Given data:
────────────────────────────────────────

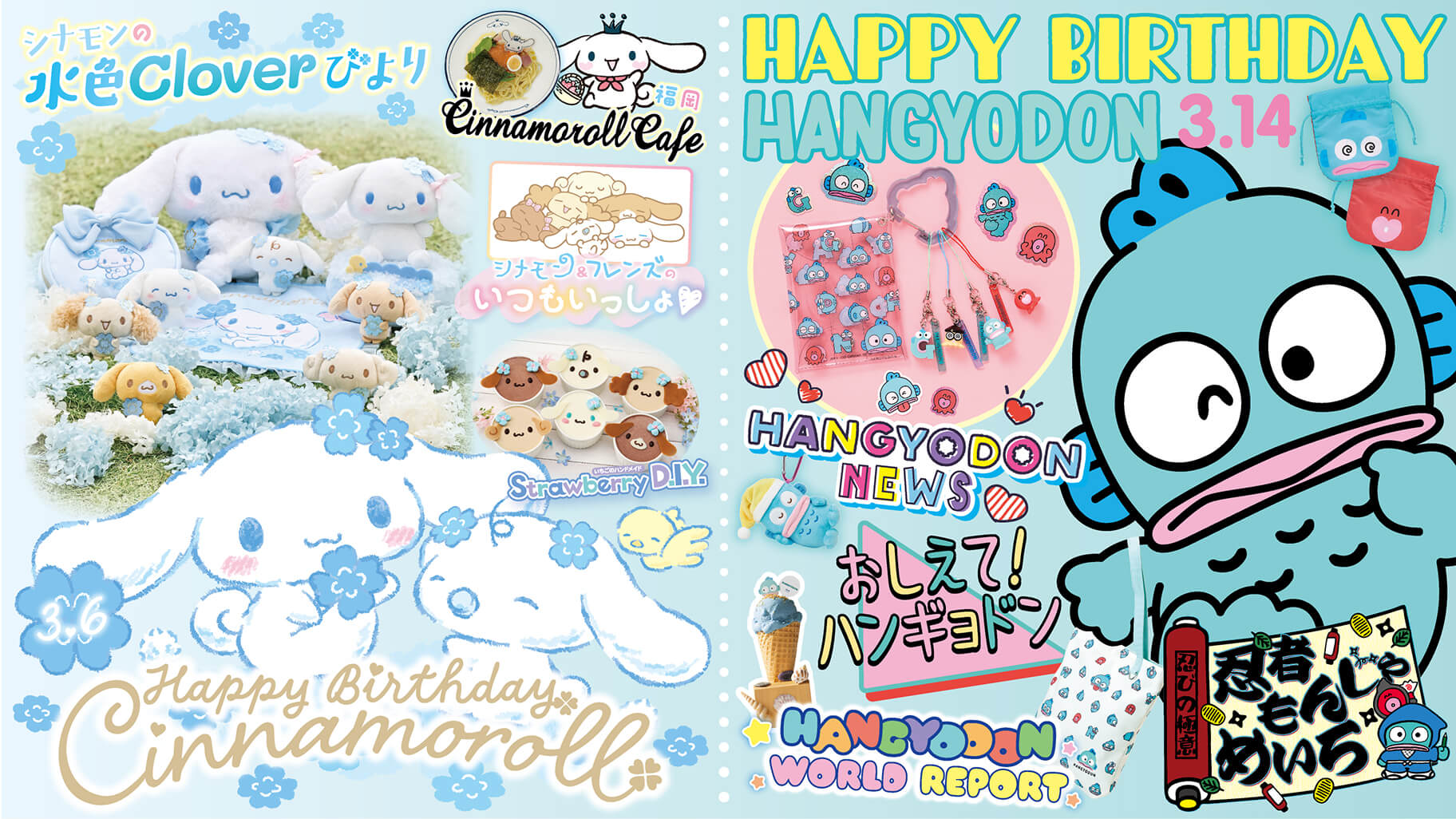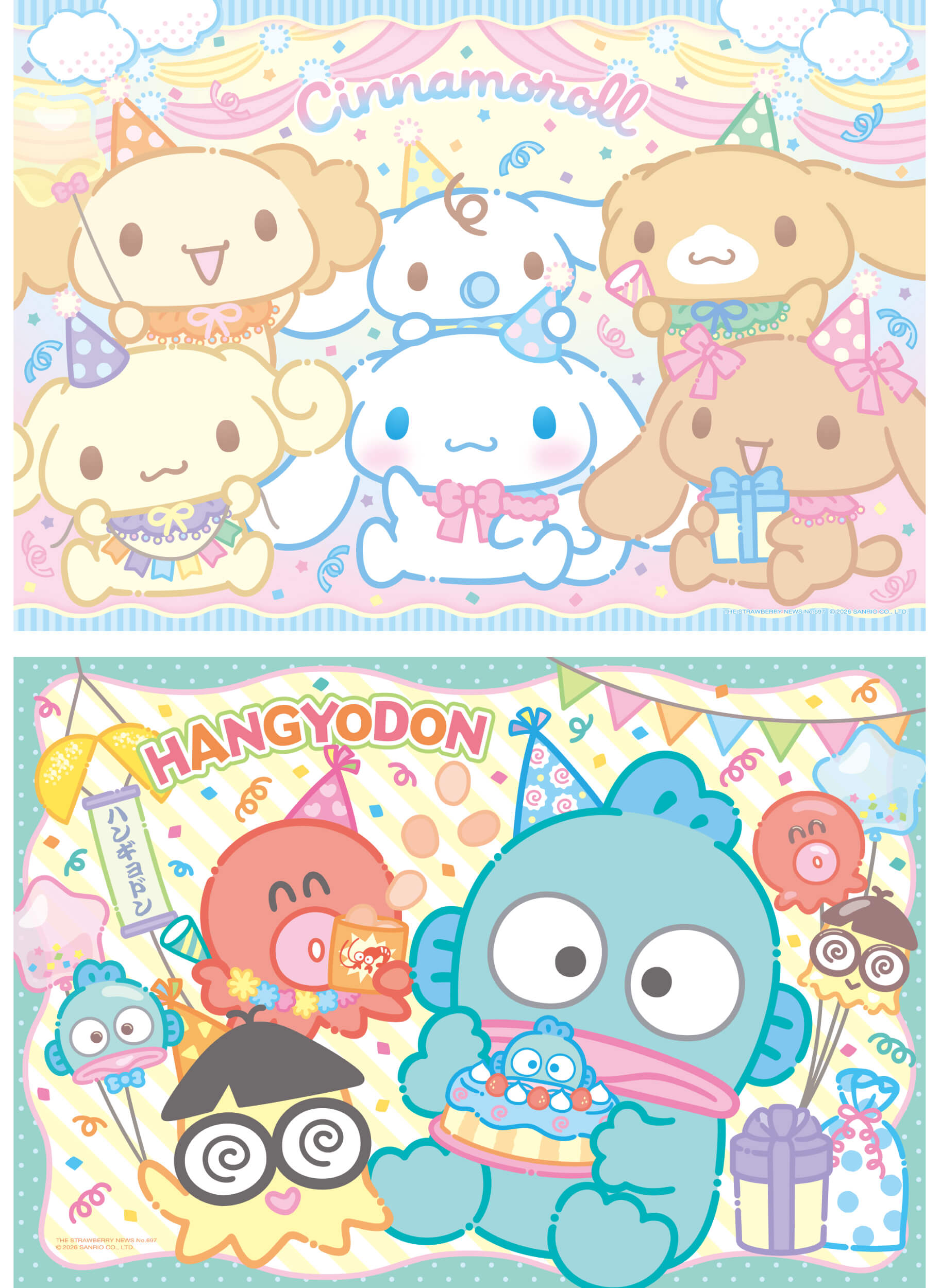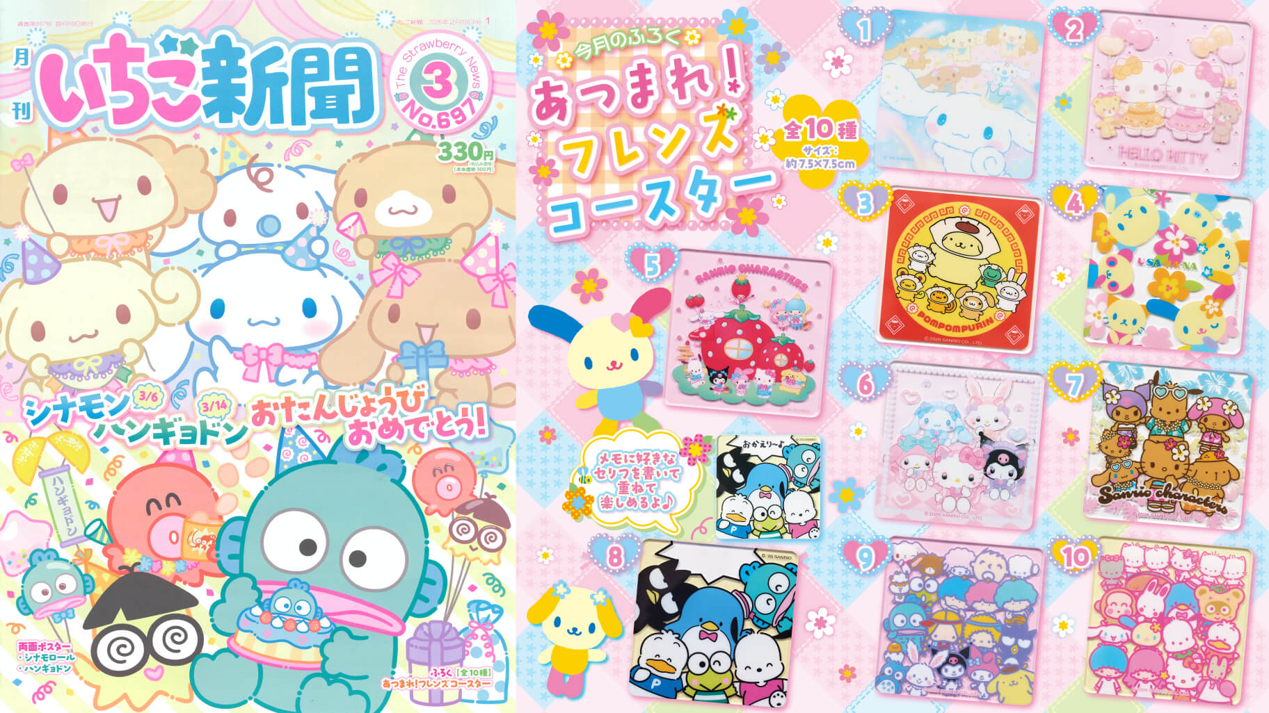 いちご新聞 2026年3月号では、3月6日(金)に誕生日を迎える「シナモン」(シナモロール)と3月14日(土)に誕生日を迎える「ハンギョドン」のW誕生日を特集。
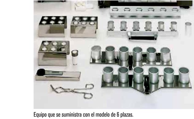 - Calefacción por resistencias eléctricas blindadas distribuidas por toda la superficie radiadora para asegurar el calentamiento de todas las muestras por igual.
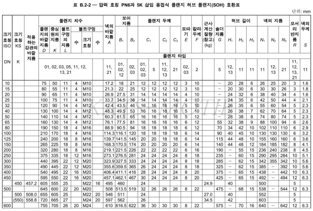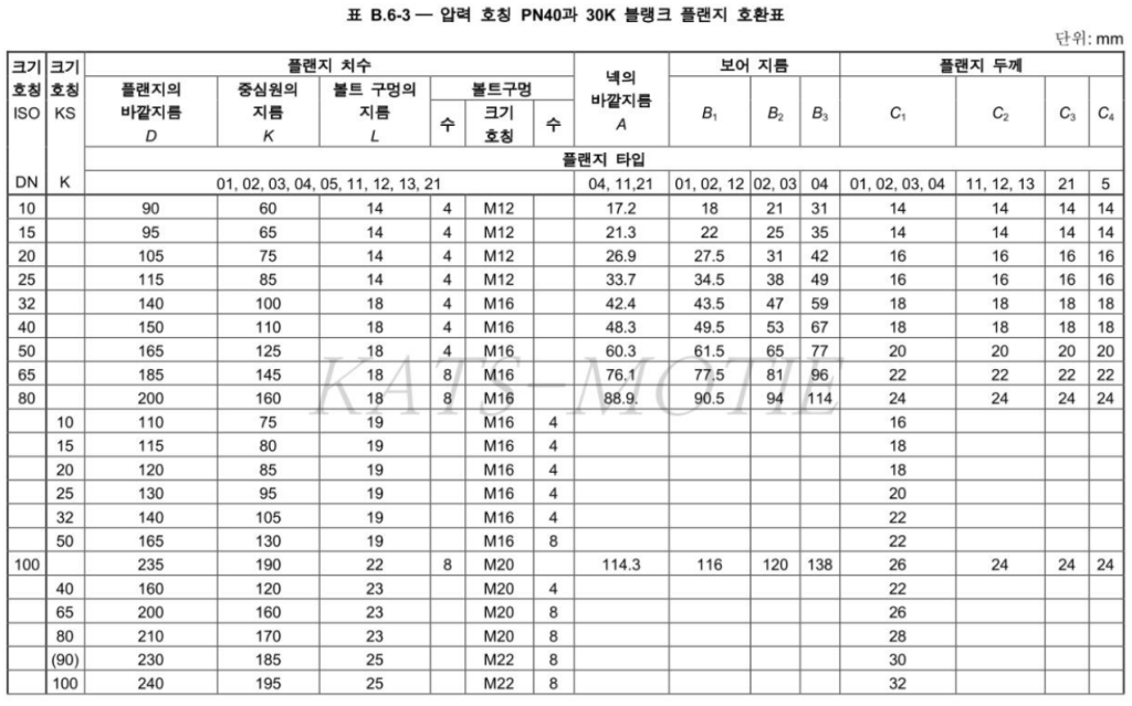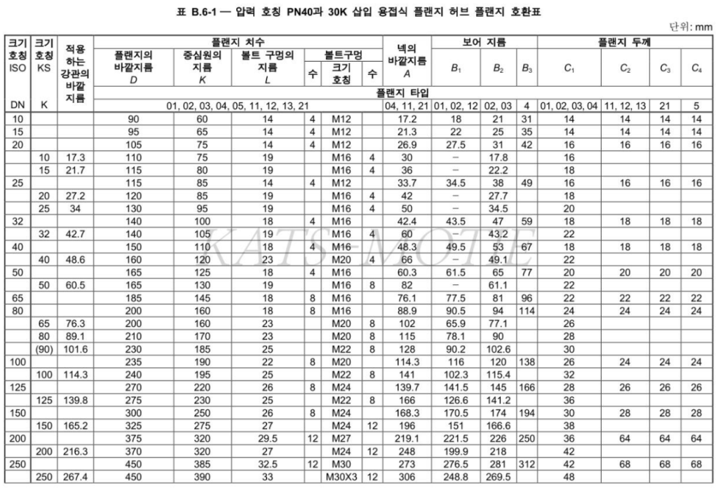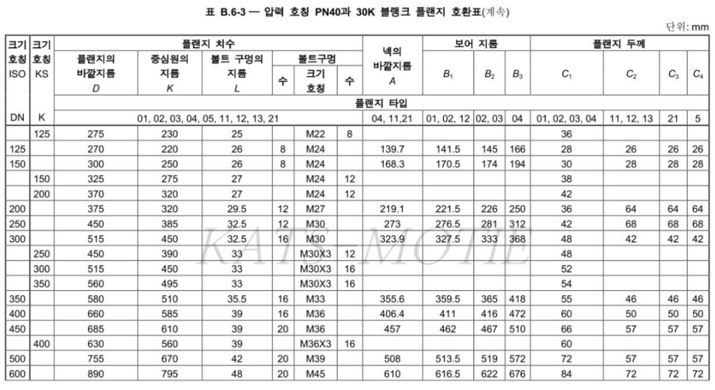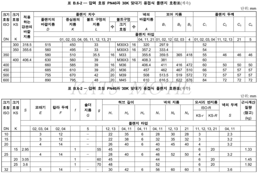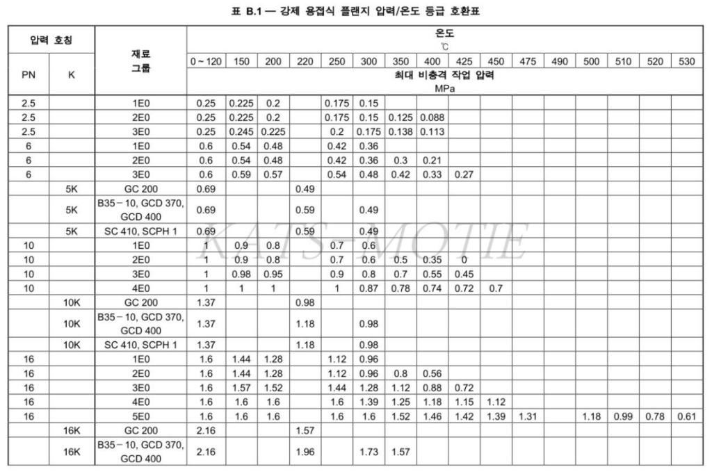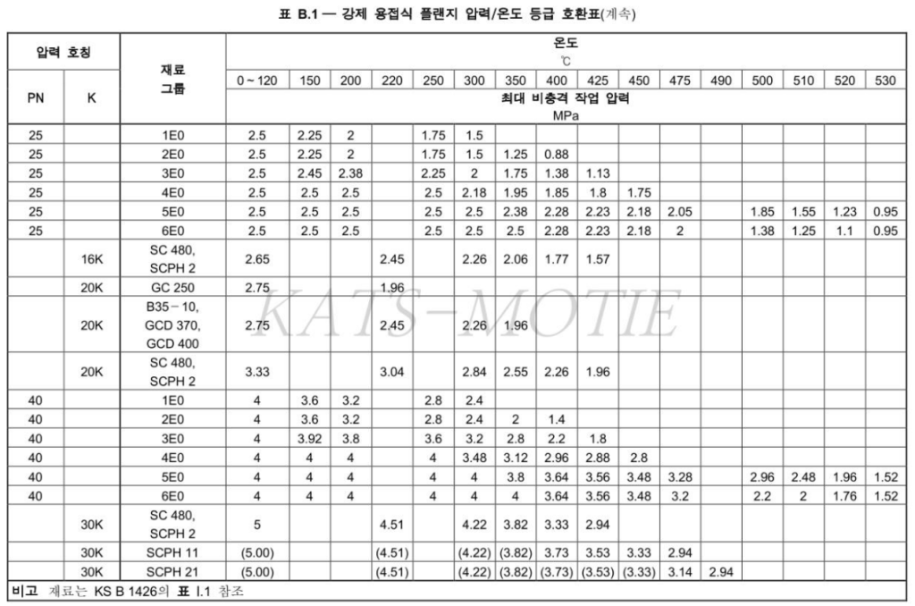 KS의 압력호칭 K 와 ISO의 PN호칭에 대한 압력/온도 등급표를 통합하였으며, 각 표준 간에 호환 가능한 표준과 치수의 확인을 위한 참고자료로 활용이 가능하다.

────────────────────────────────────────

Exercise:
Each line from the line containing "- Calefacción por" through the final line of the data above must be retyped exactly; nothing else, and no pictures, may appear.

Exercise result:
 - Calefacción por resistencias eléctricas blindadas distribuidas por toda la superficie radiadora para asegurar el calentamiento de todas las muestras por igual.
 KS의 압력호칭 K 와 ISO의 PN호칭에 대한 압력/온도 등급표를 통합하였으며, 각 표준 간에 호환 가능한 표준과 치수의 확인을 위한 참고자료로 활용이 가능하다.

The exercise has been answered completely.